The secrets can be specified by name using the requested_secrets argument, which should be a list of strings. If requested_secrets is not specified, all available secrets will be returned.
The secrets_file argument is the path to a .env file containing additional secrets to load. If secrets_file is specified and the file exists, the function will load the secrets from the file and merge them with the secrets loaded from the environment variables giving priority to secrets obtained from the .env file.
The required argument is a boolean or list of booleans indicating whether each requested secret is required to be present. If required is True, a KeyError will be raised if the secret is not found. If required is False or not specified, missing secrets will be skipped.
- Parameters:
requested_secrets (List[str], optional) – A list of names of the secrets to retrieve. If empty or not specified, all available secrets will be returned. Defaults to [].
secrets_file (str, optional) – The path to a .env file containing additional secrets to load. Defaults to None.
required (bool or List[bool], optional) – A boolean or list of booleans indicating whether each requested secret is required to be present. If True, a KeyError will be raised if the secret is not found. If False or not specified, missing secrets will be skipped. Defaults to False.
- Returns:
A dictionary containing the requested secrets as key-value pairs.
- Return type:
Dict[str, str]
- Raises:
KeyError – If a required secret is not found in the environment variables or .env file.
- make_filename(report: str, timestamp: Arrow, previous_timestamp: Arrow | None = None)
Generates a standardized filename based on the provided parameters.
- Parameters:
report (str) – The name or identifier of the report.
timestamp (arrow.Arrow) – The timestamp to be included in the filename.
previous_timestamp (arrow.Arrow) – The previous timestamp, if applicable.

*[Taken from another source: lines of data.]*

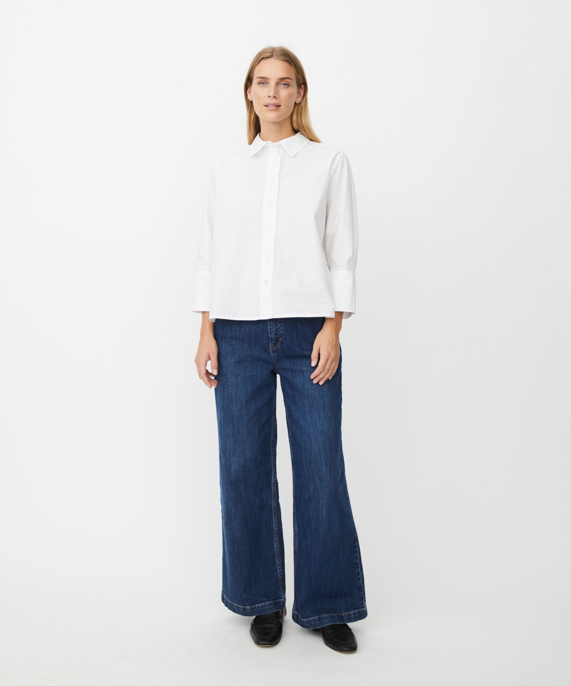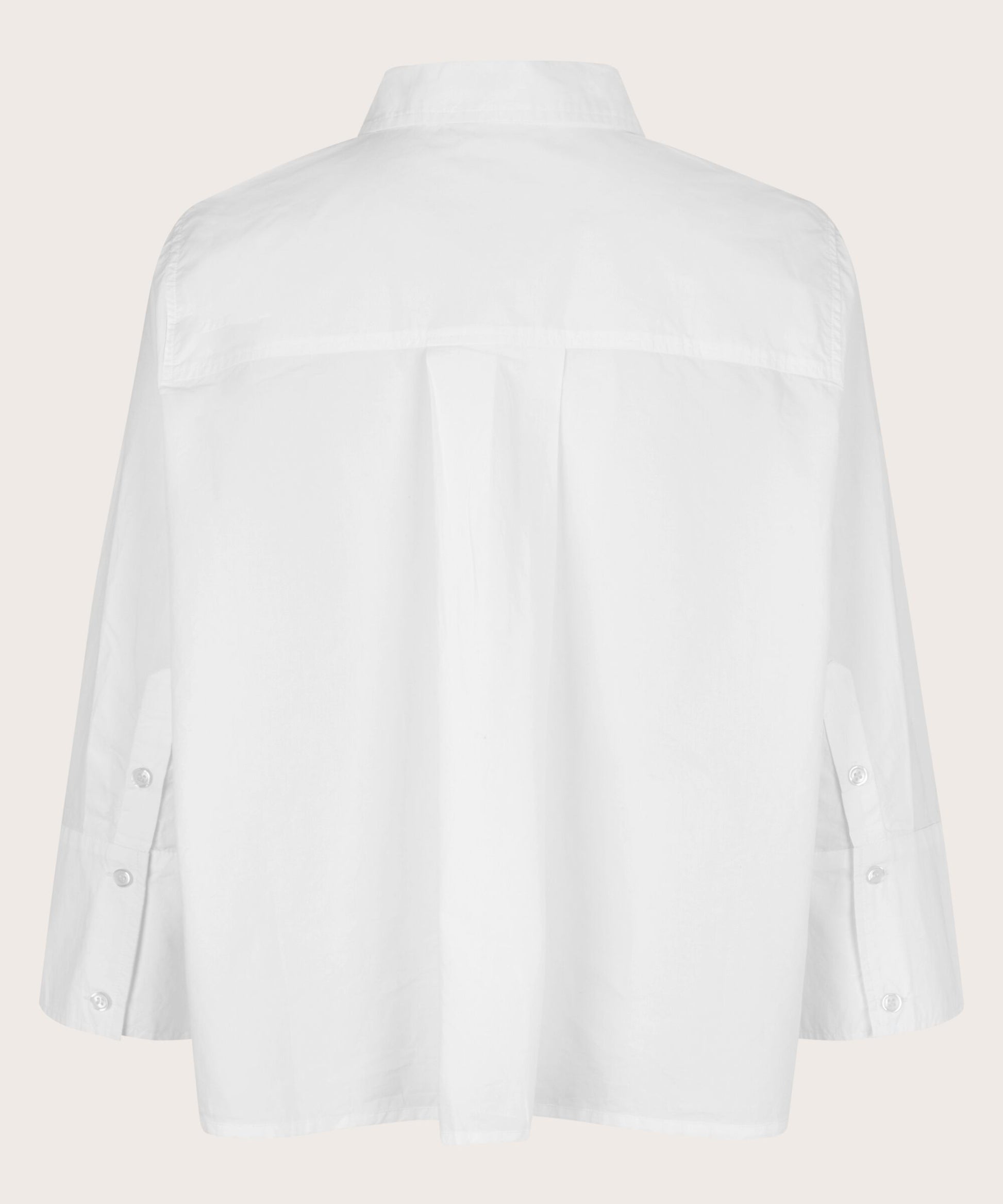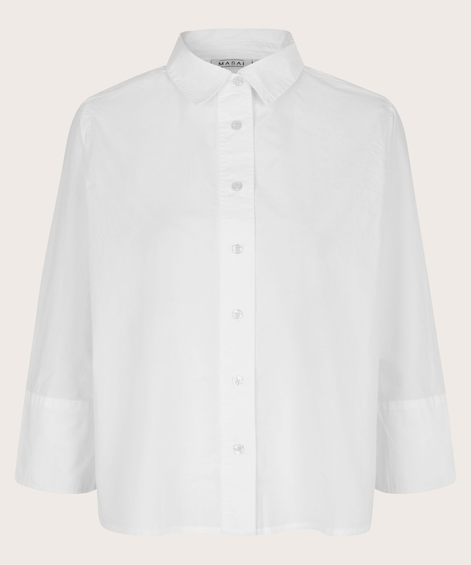A classic shirt is an essential component of any basic wardrobe—simple, timeless, and easy to style in numerous ways. This shirt is crafted from soft, crinkled cotton that's delightful to wear. The design is simple and feminine, featuring three-quarter length sleeves, a classic collar, and light draping on the back for a soft, relaxed fit. Pair it with jeans, an elegant skirt, or layer it under knitwear for a layered look you can wear again and again.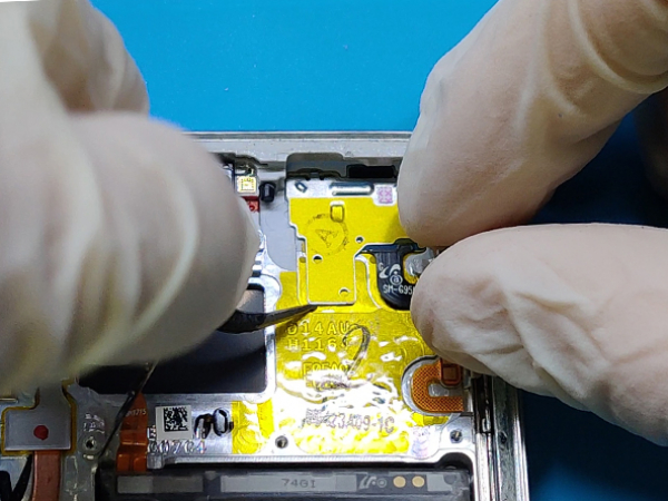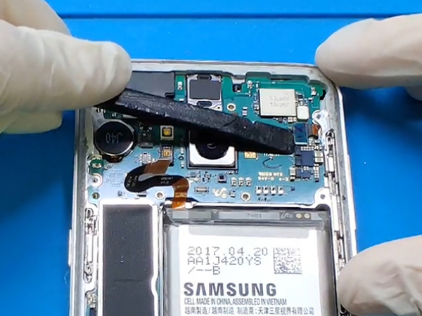 Sormenjälkitunnistimen kaapeli yhdistää puhelimen takalasiin lähellä pääkameraa. Kaapeli on hyvin lyhyt ja sen tulisi irrota, kun takalasi on poistettu.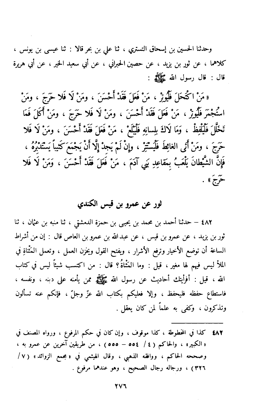 482 - حَدَّثَنَا أَحْمَدُ بْنُ مُحَمَّدِ بْنِ يَحْيَى بْنِ حَمْزَةَ الدِّمَشْقِيُّ، ثنا مُنَبِّهُ بْنُ عُثْمَانَ، ثنا ثَوْرُ بْنُ يَزِيدَ، عَنْ عَمْرِو بْنِ قَيْسٍ، عَنْ عَبْدِ اللَّهِ بْنِ عَمْرِو بْنِ الْعَاصِ، قَالَ: " إِنَّ §مِنْ أَشْرَاطِ السَّاعَةِ أَنْ تُوضَعَ الْأَخْيَارُ وَتُرْفَعَ الْأَشْرَارُ , وَيُفْتَحَ الْقَوْلُ , وَيُخْزَنَ الْعَمَلُ وَتَعْمَلَ الْمَثْنَاةُ فِي الْمَلَأِ لَيْسَ فِيهِمْ لَهَا مُغِيرٌ , قِيلَ: وَمَا الْمَثْنَاةُ؟ قَالَ: مَنِ اكْتَسَبَ شَيْئًا لَيْسَ فِي كِتَابِ اللَّهِ , قِيلَ: أَفَرَأَيْتَكَ أَحَادِيثَ عَنْ رَسُولِ اللَّهِ صَلَّى اللهُ عَلَيْهِ وَسَلَّمَ مِمَّنْ يَأْمَنُهُ عَلَى دِينِهِ وَنَفْسِهِ فَاسْتَطَاعَ حِفْظَهُ فَلْيَحْفَظْ , وَإِلَّا فَعَلَيْكُمْ بِكِتَابِ اللَّهِ عَزَّ وَجَلَّ؛ فَإِنَّكُمْ عَنْهُ تُسْأَلُونَ وَتَذْكُرُونَ وَكَفَى بِهِ عِلْمًا لِمَنْ كَانَ يَعْقِلُ "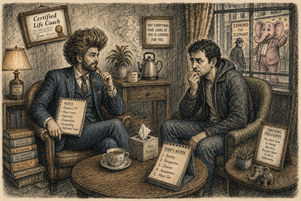I make a point of introducing myself as a certified life coach before Arman even sits down, because in my experience the certification does most of the work. It hangs there on the wall behind me, framed, slightly crooked, like a quiet promise that whatever is wrong with a person can be reworded into something manageable.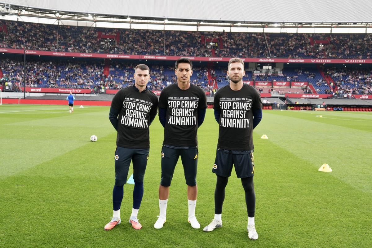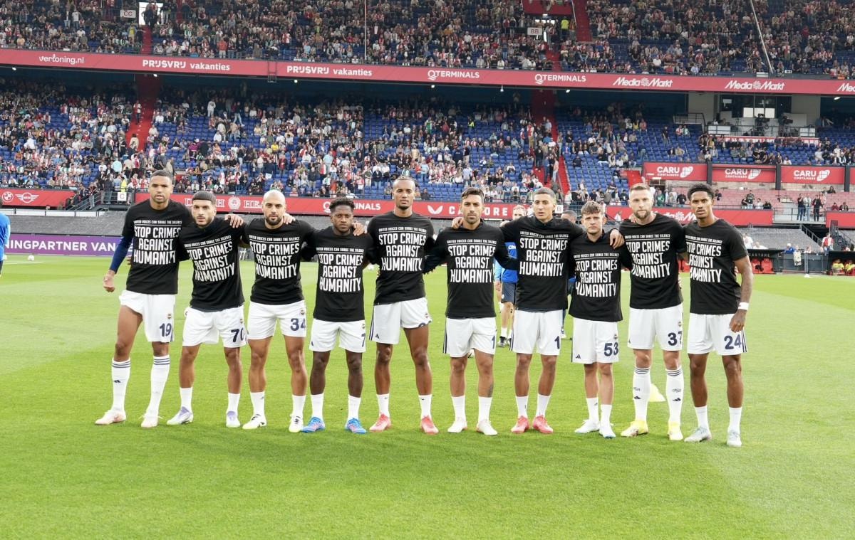 Fenerbahçeli futbolcular, Feyenoord maçı öncesinde ısınmaya Gazze'ye destek tişörtleriyle çıktı.

Defaults to None.
- Returns:
The generated filename.
- Return type:
str
- md5(name: str)
Generate the MD5 hash of a string.
- Parameters:
name (str) – The string to hash.
- Returns:
The MD5 hash of the string.
- Return type:
str
- merge_errata(input_df: DataFrame, input_errata_df: DataFrame)
Merges errata information from an input errata DataFrame into an input DataFrame based on card names.
- Parameters:
input_df (pd.DataFrame) – A pandas DataFrame containing card information.
input_errata_df (pd.DataFrame) – A pandas DataFrame containing errata information.
- Returns:
A pandas DataFrame with errata information merged into it.
- Return type:
pd.DataFrame
- merge_set_info(input_df: DataFrame, input_info_df: DataFrame)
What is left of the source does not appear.